Louisiana-Pacific Corporation (“LP”) (NYSE:LPX) today announced the expiration of its previously announced tender offer for its 13% Senior Secured Notes due 2017 (the “Notes”).
On May 21, 2012, LP purchased approximately $233.8 million in principal amount at maturity of Notes, consisting of all Notes that were validly tendered and not validly withdrawn at or before 5:00 p.m., New York City time, on May 18, 2012 (the “Consent Deadline”). Today, LP accepted for purchase approximately $2.5 million in principal amount at maturity of the Notes, consisting of all Notes that were validly tendered and not validly withdrawn after the Consent Deadline and prior to 12:00 midnight, New York City time, on June 4, 2012 (the “Expiration Time”).

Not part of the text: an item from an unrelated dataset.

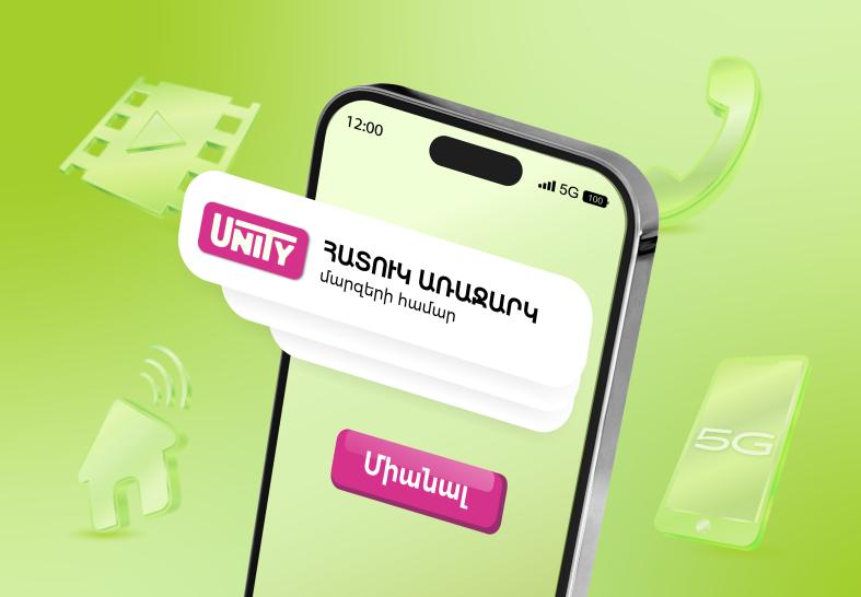 Специальное предложение для регионовДо 31/12/2025 абоненты из городов Горис, Гавар, Иджеван, Севан, Арташат, Нор Ачн, Бюрегаван, Аштарак и села Джрвеж, оформив подписку на региональные пакеты Unity на 12 месяцев, получат 3 месяца бесплатно.

After giving effect to all purchases of Notes pursuant to the tender offer, approximately $7.5 million in principal amount at maturity of Notes remain outstanding. As previously announced, LP has elected to redeem all Notes that remain outstanding on June 20, 2012.

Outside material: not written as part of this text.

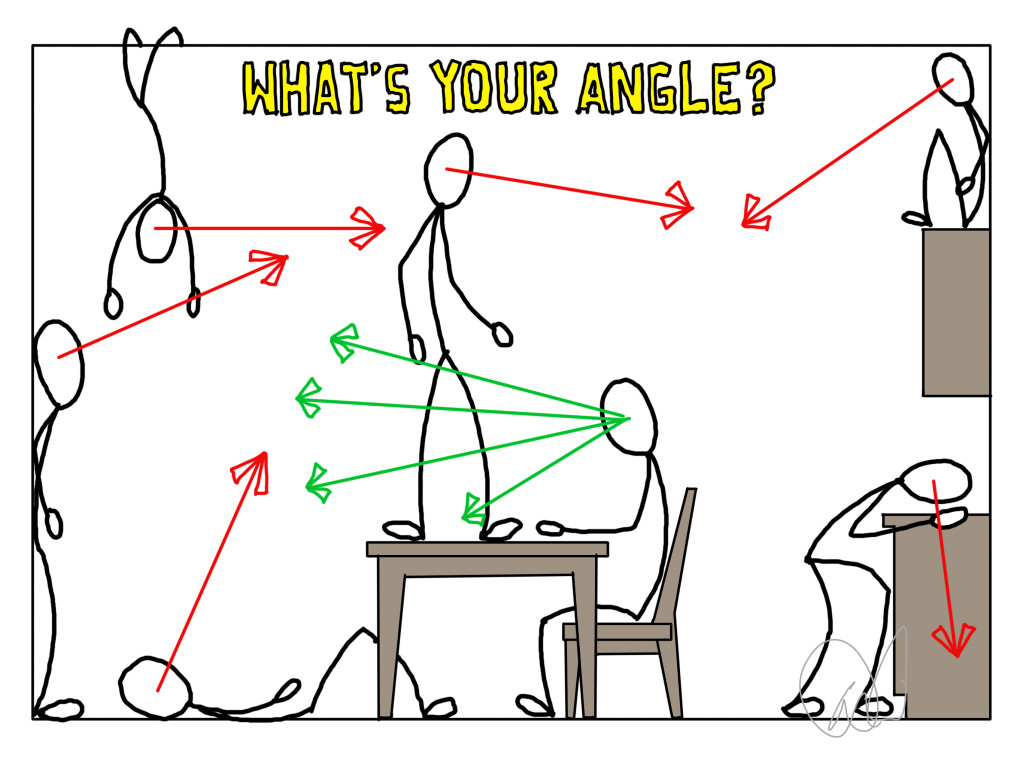 Our viewing angle – the direction our eyes are facing at any given moment – changes constantly, but we also tend to land in generally the same places over and over again. In our living room, I am always on the right side of the couch as seen from the door. In the dining room, I am always in the chair on the end of the table between the northern facing window and the door to the kitchen. In my home office, I always sit facing my computer monitor.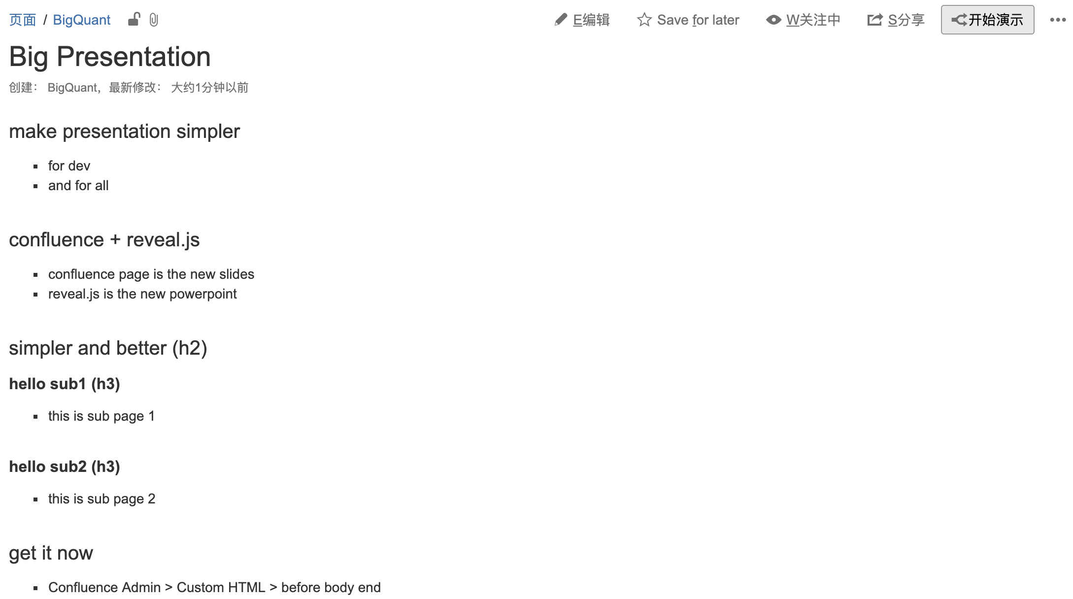 <script type="text/javascript" src="https://bigpresentation.bigquant.com/js/bigpresentation.min.js?v=1.1.0"></script> - (optional) customize it as you like

This press release contains statements concerning LP that are forward-looking statements within the meaning of the Private Securities Litigation Reform Act of 1995. The following statements are or may constitute forward-looking statements: (1) statements preceded by, followed by or that include words like “may,” “will,” “could,” “should,” “believe,” “expect,” “anticipate,” “intend,” “plan,” “estimate,” “potential,” “continue” or “future” or the negative or other variations thereof and (2) other statements regarding matters that are not historical facts. The matters addressed in these statements are subject to a number of risks, uncertainties and assumptions that may cause actual results to differ materially from those projected, including, but not limited to, changes in general economic conditions; changes in the cost and availability of capital; changes in the level of home construction activity; changes in competitive conditions and prices for our products; changes in the relationship between supply of and demand for building products; changes in the relationship between supply of and demand for raw materials, including wood fiber and resins, used in manufacturing our products; changes in the cost of and availability of energy, primarily natural gas, electricity and diesel fuel; changes in other significant operating expenses; changes in exchange rates between the U.S. dollar and other currencies, particularly the Canadian dollar, Australian dollar, EURO, Brazilian real and the Chilean peso; changes in general and industry-specific environmental laws and regulations; changes in tax laws, and interpretations thereof; changes in circumstances giving rise to environmental liabilities or expenditures; the resolution of existing and future product-related litigation and other legal proceedings; and acts of public authorities, war, civil unrest, natural disasters, fire, floods, earthquakes, inclement weather and other matters beyond our control. These and other factors that could cause or contribute to actual results differing materially from those contemplated by such forward-looking statements are discussed in greater detail in LP’s Securities and Exchange Commission filings.